Will this mean the likes of D8 and NRJ12 will go HD or simply stay in SD using DVB-T2?


All channels are switching to MPEG-4 HD but using DVB-T. This is to save money so they can reduce the multiplexes from 8 to 6.
IL
i-lied
RR posted:
Also - I don't think the 'All TV's must support Freeview HD' rule has quite kicked in 100% yet, think we may still be in the 'TVs over a certain size' timescale, unless we've just ticked over.

Also, when it does, the missing word is "new" TVs - given reliability, it will be some time before virtually everyone has upgraded / changed their sets


True but anyone who goes out and buys a new TV will have Freeview HD.
NG
noggin Founding member

This is why I said the BBC could upgrade those who have old SD boxes.

With what and why?
Quote:

Sky in Germany are now broadcasting solely on DVB-S2 transponders.

They are a commercial Pay-TV operation, what they do is up to them. They are only there to make money.
Quote:

I admit the public broadcasters haven't changed over yet and are simulcasting SD and HD but even then the HD versions are 720p not 1080i.

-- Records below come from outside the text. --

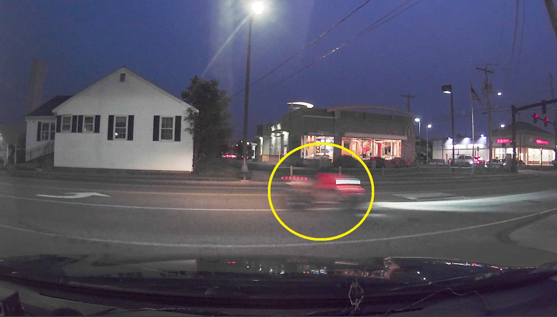 Above HN dashcam screengrab: A reckless motorcyclist takes off from a state trooper from the parking lot of 500 Main Street last evening. The reckless motorcyclist was traveling so fast on High School Road that all HN dashcam frames were blurred. The area was heavily congested with pedestrians and vehicles at the time… and troopers immediately called off all attempts to stop the fleeing motorcycle for public safety reasons. Barnstable Police patrol officers were alerted… along with Yarmouth Police patrol officers, as the idiotic and reckless motorcyclist was last observed speeding east on Route 28 across the town line into Yarmouth. A short while later, Barnstable Police had a second idiotic and reckless motorcyclist take off from them in Hyannis. The very brief “pursuit” was immediately called off due to public safety concerns.
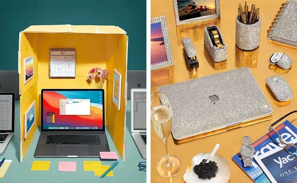 ▲ Margeaux Walter 今年为《纽约时报》创作的「同事」系列,左图配文:「一个人就不能在这里(工位)得到一点隐私吗?」. 图片来自:Instagram @margeauxwalter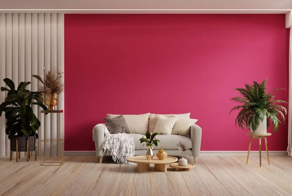 2. Peach Colour Wall Painting Idea for Living Room

That is because, like many PSBs in Europe,they have followed the EBU roadmap and gone 720p not 1080. It looks like ZDF will be going 1080/50p when they launch on DVB-T2 HEVC, though Das Erste are sticking with 720/50p.
Quote:

CanalSat have migrated all of their transponders to DVB-S2 and have turned off SD variants in the most part.

Again - a commercial operation - not a PSB.
Quote:

The French Government announced recently that their version of Freeview (TNT) is going HD only in April so CanalSat will turn off the rest of the SD broadcasts then (probably) and they started this process on the 1st July last year.


Isn't it TNTSat vs Fransat though ? TNTSat have gone DVB-S2 already, but Fransat are still DVB-S?
LL
London Lite Founding member
RR posted:
Also - I don't think the 'All TV's must support Freeview HD' rule has quite kicked in 100% yet, think we may still be in the 'TVs over a certain size' timescale, unless we've just ticked over.

Also, when it does, the missing word is "new" TVs - given reliability, it will be some time before virtually everyone has upgraded / changed their sets


True but anyone who goes out and buys a new TV will have Freeview HD.


So called 'HD Ready' sets with DVB-T only tuners are still on sale.
IL
i-lied

With what and why?

If you read my earlier post, to upgrade viewers to an HD box, enabling them to switch offSD broadcasts on sat in order to save money and already be in HD.
Quote:

They are a commercial Pay-TV operation, what they do is up to them. They are only there to make money.

Yes they are a Pay-TV operator but Germany went digital so late that all the boxes will be DVB-S2 compatible already. It's also a cost-saving exercise. If they can run DVB-S2 transponders with more capacity then they need less transponders - hence a model the cash-strapped BBC can follow.
Quote:

That is because, like many PSBs in Europe,they have followed the EBU roadmap and gone 720p not 1080. It looks like ZDF will be going 1080/50p when they launch on DVB-T2 HEVC, though Das Erste are sticking with 720/50p.

It means though they can fit more on the transponder!
Quote:

Again - a commercial operation - not a PSB.

Getting ahead of TNT in this case and saying to the French Government that we can do this before you.
Quote:

Isn't it TNTSat vs Fransat though ? TNTSat have gone DVB-S2 already, but Fransat are still DVB-S?


No. FranSat are run by the Government so will presumably switchover when TNT does on the ground. The idea behind them is to allow the parts of the country who can't get an adequate signal with an aerial to pick up the TNT service. The switchover to HD only is a cost saving measure and other platforms are merely following suit.